»»

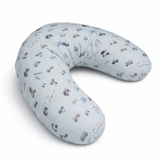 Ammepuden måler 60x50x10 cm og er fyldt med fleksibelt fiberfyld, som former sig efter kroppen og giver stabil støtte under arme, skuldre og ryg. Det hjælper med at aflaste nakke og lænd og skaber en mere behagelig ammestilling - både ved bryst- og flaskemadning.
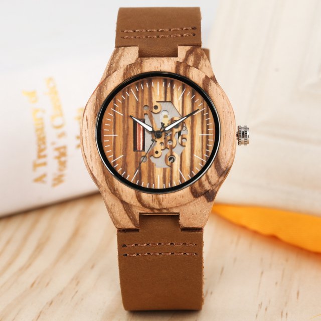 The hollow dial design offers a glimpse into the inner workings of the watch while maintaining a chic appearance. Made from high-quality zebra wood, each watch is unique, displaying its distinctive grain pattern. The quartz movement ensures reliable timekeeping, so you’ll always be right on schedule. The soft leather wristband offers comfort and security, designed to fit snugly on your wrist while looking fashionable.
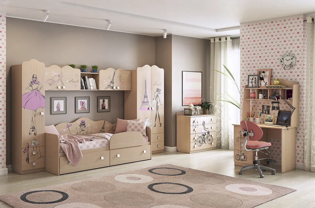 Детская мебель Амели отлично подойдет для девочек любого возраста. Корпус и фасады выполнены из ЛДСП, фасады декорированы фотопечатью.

««
»»

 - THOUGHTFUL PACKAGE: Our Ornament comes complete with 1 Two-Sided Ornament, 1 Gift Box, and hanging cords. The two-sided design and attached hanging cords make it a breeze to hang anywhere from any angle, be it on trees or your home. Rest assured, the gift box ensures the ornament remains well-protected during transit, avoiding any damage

««

-- TASK REQUIREMENTS --
Repeat only the stretch of data above that runs from the line with "Ammepuden måler 60x50x10" to the line with "Детская мебель Амели". Keep both end lines; exclude pictures.

-- EXERCISE OUTPUT --
 Ammepuden måler 60x50x10 cm og er fyldt med fleksibelt fiberfyld, som former sig efter kroppen og giver stabil støtte under arme, skuldre og ryg. Det hjælper med at aflaste nakke og lænd og skaber en mere behagelig ammestilling - både ved bryst- og flaskemadning.
 The hollow dial design offers a glimpse into the inner workings of the watch while maintaining a chic appearance. Made from high-quality zebra wood, each watch is unique, displaying its distinctive grain pattern. The quartz movement ensures reliable timekeeping, so you’ll always be right on schedule. The soft leather wristband offers comfort and security, designed to fit snugly on your wrist while looking fashionable.
 Детская мебель Амели отлично подойдет для девочек любого возраста. Корпус и фасады выполнены из ЛДСП, фасады декорированы фотопечатью.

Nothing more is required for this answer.